1Since summer 1997, Hong Kong belongs to PRC, but it still has its own legislation and economical system, that's why it's called SAR of Hong Kong. As software developer, you can probably skip the politics and focus on the differences between the dialect and characters.

Examples

Here are some examples from the above facts. Since I'm not sure you have already installed support for Chinese characters on you computer, all pinyin and Chinese characters are represented by images.

  1. 中国 is a Chinese word built up of two characters. The first, zhōng, means middle. The second, guó, means country, nation and kingdom. So this word means China!
  2. zhōngguó is the pinyin variant of the above word zhōngguó. Notice the flat stroke above the first o and the apostrophe above the second o. These symbols tell you that the first o shall be pronounced long and without tone change, the second o should be pronounced with a short rising tone. There are five main tone variants. Zhong is one syllable, and guo is the other.
  3. To write the above pinyin using numerical format, write zhong1guo2. 1 means flat sound, 2 means rising, 3 means falling, then rising and 4 means falling.
  4. 功夫 means Kung-Fu, a martial arts sport. It contains two(!) characters. The first, 功, contains a radical plus an ordinary character. The radical is the one looking a bit like I. It gives the whole character its pronunciation and also a special meaning to it. Pinyin for the first character is gōng. The second character is pronounced fu.
  5. gonglifu is not the same as the above word! It does not mean the martial arts sport Kung-Fu! It does not contain two characters, it contains three! What does it mean? It would mean "kilometer man"! What's that?
  6. 汽车 is the simplified word for "car". Corresponding pinyin is qìchē. The word for car with Traditional characters is heiche. It would be wrong to write a corresponding pinyin word here since pinyin isn't used with Traditional. However, you pronounce it something like hei-tje in Cantonese.

Nihao Example

In this separate example I have written the word Hello in English, Simplified Chinese, and Pinyin. It looks like this:

Hello, 你好, nǐhǎo.

If you have installed Chinese support correctly, it should look the same if you download and open these files and print them out with their corresponding tools or commands:
Plain text, OpenOffice Word, MS Word 97/2000/XP, MS Word 97 XML, Rich Text Format, PDF, HTML.

I really recommend you to inspect the these files with a binary editor like Hexedit, or print them out with the Linux command od -c filename.
If, for example, you just try to open file nihao.txt directly by clicking it in the browser, you probably see something like this:

ä½ å¥½ï¼

This is because there's no information in the file telling your browser which Character encoding is used, so it probably picks ISO-8859 and finds those strange characters here instead. All the other files carry information about which Character encoding is to be used. When you write your own programs you must make sure you specify Character encoding properly! For example, in the HTML file you'll see specifications like


<META HTTP-EQUIV="CONTENT-TYPE" CONTENT="text/html; charset=utf-8">
<SPAN LANG="zh-CN">

If you print out the contents of file nihao.txt on raw 8-bit byte format, you'll get most garbage after the first line. Therefore I'll show you how it looks with three different representations, corresponding to the switches c, b and x to the od command.

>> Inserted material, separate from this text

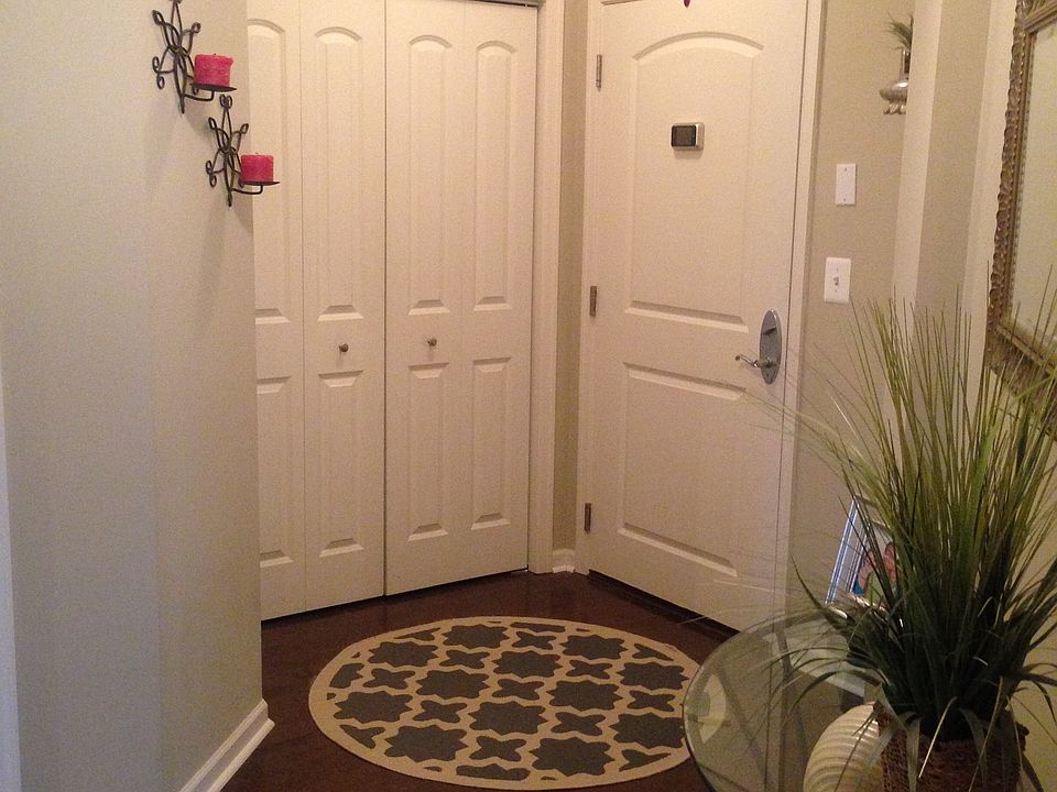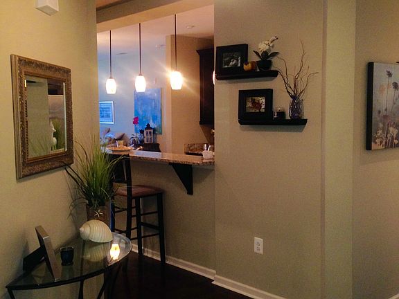 Corner condo with upgraded interior for rent. 3 1/4" maple hardwood flooring through foyer, hallways, dining room, and living room. 18" x 18" porcelain tile laid on diagonal in kitchen. Solid maple kitchen cabinets, granite countertops, with stainless steel appliances. Large kitchen pantry with wine lattice storage and built-in shelving. Hallway linen closet with shelving. Laundry room with 18" x 18" porcelain tile with tumbled stone mosaic border also includes front load washer and dryer units. Master suite includes 10' x 6' walk in closet with custom built-in closet storage units, master bath complete with 6' soaker tub/shower and 12" x 12" ceramic tile floor and tub/shower surround. Custom lighting fixtures and ceiling fans throughout unit. 9' ceilings. Underground parking garage with one reserved parking space and storage unit. Secured building with key fob entry into furnished lobby with elevator. Club house and pool use. Great location! Owner pays for HOA, water, and sewer. Tenant responsible for gas and electric. Must have proof of income.
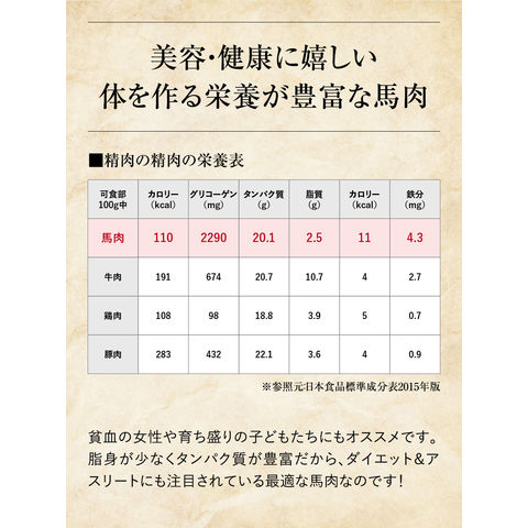 ≪桜うまトロ個食パック≫ 【桜うまトロ】馬肉(フランス産)、馬脂(フランス産) 【ソース】しょうゆ(国内製造)、赤ワイン、還元水飴、食用植物油脂、みりん、おろししょうが、乾燥玉ねぎ、おろし玉ねぎ、砂糖、醸造酢、コンソメ、食塩、オイスターエキス/酒精、調味料(アミノ酸等)、セルロース、酸味料、増粘剤(加工デンプン、キサンタン)、V.B1、香料、カラメル色素、カロテン色素(一部に小麦・乳成分・牛肉・大豆・鶏肉・ゼラチンを含む) ≪ユッケ個食パック≫ 【馬刺し】馬肉(カナダ産) 【ユッケのタレ】ぶどう糖果糖液糖(国内製造)、植物油、コチジャン調味料、味噌、醸造酢、食塩、香辛料/カラメル色素、増粘剤(キサンタン)、(一部に小麦・ごま・大豆を含む) ≪赤身スライス個食パック≫ 【馬刺し】馬肉(カナダ産) 【タレ】醤油(国内製造)、植物性蛋白加水分解物、糖類(砂糖、砂糖混合異性化液糖)、食塩、鰹節エキス/カラメル色素、調味料(アミノ酸等)、甘味料(カンゾウ、ステビア)、(一部に小麦・さば・大豆を含む) |

The output format is symbolic/octal, decimal and hexadecimal respectively:


0000000   H   e   l   l   o   !  \n 344 275 240 345 245 275 357 274 201
0000020  \n   n 307 220   h 307 216   o  \n

0000000 110 145 154 154 157 041 012 344 275 240 345 245 275 357 274 201
0000020 012 156 307 220 150 307 216 157 012

0000000 6548 6c6c 216f e40a a0bd a5e5 efbd 81bc
0000020 6e0a 90c7 c768 6f8e 000a

Some editors and word processors are smart enough to ask you what character encoding is to be used if it can't figure it out. So if you try to open the file nihao.txt and get a dialog popping up, try these settings:
Image missing


Test Your Environment

Now it's time you test your environment, to make sure you can work properly with Chinese characters.

Chinese Character Rendition

Let's start with your desktop and browser. Can they render Chinese characters at all?

What do you see here?
你好
Did you see
NOTHING?
If these texts don't show the same characters, or you just saw the word NOTHING, at least your browser doesn't support Chinese characters. But it might be that not even your operating system does, or you may not have proper fonts installed. To figure out, open a word processor and try to open any of the following files, which format your word processor can normally handle:
OpenOffice Word, MS Word 97/2000/XP, MS Word 97 XML, Rich Text Format
It shouldn't matter which font you select since the word processor automatically picks a font which can handle the text properly, not always the font you have decided.
If you still see garbage, and not proper Chinese characters, you have to install support for Chinese characters. Sometimes this comes in packages called Asian language support or likewise. On Windows and Apple computers you may have to pay for such packages. On Linux, just look under System/Administration/Language Support or likewise
Image missing
(there are many variants (distros) and versions of Linux, so I can't point out exactly where to look. Your distribution probably has some online help, so search for i18n, internationalization or language in it.

From this point in the text, I will start using Chinese characters directly. If you see "garbage" where you should see Chinese characters, go back and install support for Chinese on you computer!

E-mail

Next, test you email client! Try to email the word 你好 to yourself. Just copy it from the last sentence! It should look like 你好 both when you send it and receive it. If it doesn't, try to configure your email client to use UTF-8 character encoding. If it still doesn't work, check if your mail server lacks support for UTF-8. If it doesn't and you don't own it, demand support for UTF-8 or change ISP. They should know better these days!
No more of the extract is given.